Did You Know?

Only 24 percent of jobs in the region are accessible by transit in 90 minutes or less by a typical resident — and that number drops to 12 percent in the suburbs.

Mayor Johnson should make 2024 the Year of the Bus 

At the Active Transportation Alliance, we often hear from Chicago transit riders who are fed up with buses that are unreliable and often delayed.

Indeed, it’s a major barrier that keeps many people from using buses. Slow buses that are undependable ensure that people will find other ways of getting around the city.

Thankfully, we know how to fix this problem — and the solution is very do-able.

Countless examples in other cities have shown that bus priority infrastructure is the most cost-effective intervention when it comes to improving the experience for riders and operators.

With confidence in the CTA at what seems to be an all-time low, the agency could use a boost to its reputation.

Prioritizing buses on our streets could be the shot in the arm the agency needs — while also dramatically improving transit service for residents.

Investments in transit yield great rewards. For every $1.00 spent on transit in the region, we get a return of $3.86 in value.

Thanks to Mayor Johnson’s commitment to building out a network of dedicated bus lanes, we’re well positioned as a city to address this crucial need.

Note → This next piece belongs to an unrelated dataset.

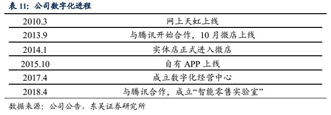 作为需要兼顾供应链到终端销售的零售企业,前中后台的高效信息系统,是企业能否保持高效率运转的基本保障。天虹的自有数字化系统目前已经成为百货业内的数字化标杆企业。天虹的网上门店最早上线于10年3月,15年推出独立APP,17年将电商事业部更名为数字化经营中心。这套自有的整体数字化系统已经从简单的前端引流向上深入至公司整体运营,不断提升公司整体运营效率,其整体数字化体系已经做到行业领先。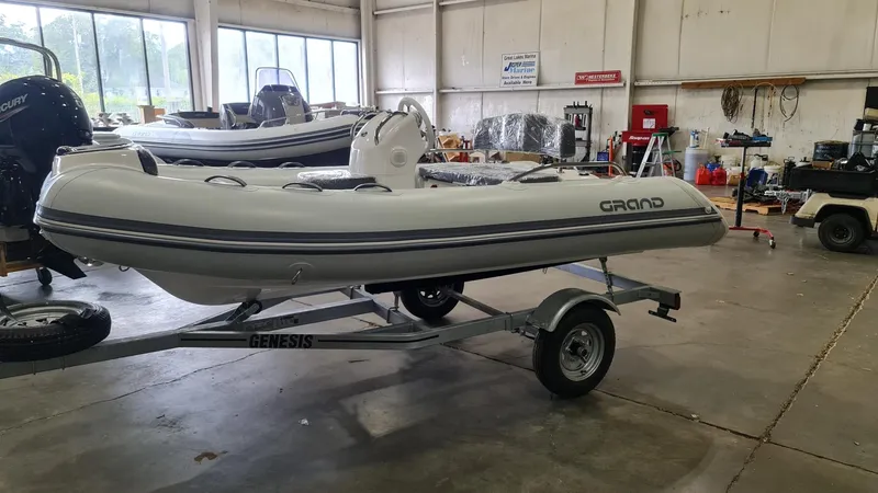The Grand G380 model is a versatile RIB. Due to her light weight, she can be used as a tender to go ashore and explore in style. She will also meet the needs of any captain looking to feed their need for High Performance. The G380 will hit top speeds of 42+ mph and can pull a skier, or tuber. Her fiberglass step ends are not only stylish, but they also act as a trim tab allowing these RIBs to outperform their competition with less horsepower and very little bow rise upon take off. She is an absolute joy to operate and will bring a smile to your face when flying across the water.

Let’s make 2024 the Year of the Bus!



To help get buses moving, the Chicago Transit Authority (CTA) and the Chicago Department of Transportation (CDOT) recently published a report that creates a framework of where and how to prioritize buses on our streets, as well as both federal and local funding available to implement the designs.

The report, called the Better Streets for Buses Plan, includes a toolbox of street treatments combined with an analysis of key corridors where they could potentially be applied.

The plan establishes a framework to guide how CTA and CDOT will collaborate on redesigning Chicago’s streets to achieve faster and more reliable bus service, improved access to bus stops, and better bus stops.

It’s hard not to be excited as we imagine the impact of effectively implementing these tools throughout the city.




So how do we turn these recommendations in Better Streets for Buses into a reality?

What is most needed now is a taskforce established by Mayor Johnson to bring city agencies to the table to collaborate.

And once the taskforce is established, it can work on swiftly implementing the bus priority improvements.

Fortunately, we have a well-functioning example for this process.

Mayor Johnson can follow the model of the city’s ETOD (equitable transit-oriented development) working group, which is comprised of over 40 community members and stakeholders that advise the city on implementing its ETOD goals. Through this working group, the city maintains its commitment to ensuring community voices guide how Chicago develops and grows.

A similar taskforce should be created in early 2024 to implement the Better Streets for Buses Plan.



Another needed ingredient to bring this plan to life is additional staff capacity at CTA and CDOT.

More staff would enable better inter-agency collaboration amongst CDOT, CTA, and the mayor’s office, as well meaningful partnerships with community-based organizations, modeled off CDOT’s successful Cycling Strategy. At this time, CDOT has no dedicated staff committed to working on transit projects which must change in order to implement transit priority improvements in a timely manner.

Just as its working group has been key to ETOD’s success, the same community-based approach should be taken when it comes to building out a network of bus priority streets and dedicated bus lanes.

While transit agencies in Los Angeles, New York, and DC are overcoming workforce challenges that have impacted transit agencies nationwide, CTA remains an outlier as it continues to cut service.

CTA also trails its peer cities when it comes to bus lane miles, and it’s even behind smaller cities in the midwest like Cleveland, Ohio and Grand Rapids, Michigan.

The mayor should hire more staff dedicated to transit who can help usher in a new era for Chicago transit and make 2024 the Year of the Bus.



With the Democratic National Convention to be hosted here in August 2024, all eyes will be on Chicago.

We can serve as a national model for a community-based approach to climate change mitigation through bus priority infrastructure. Let’s swiftly build a network of bus priority streets before the nation descends on our city.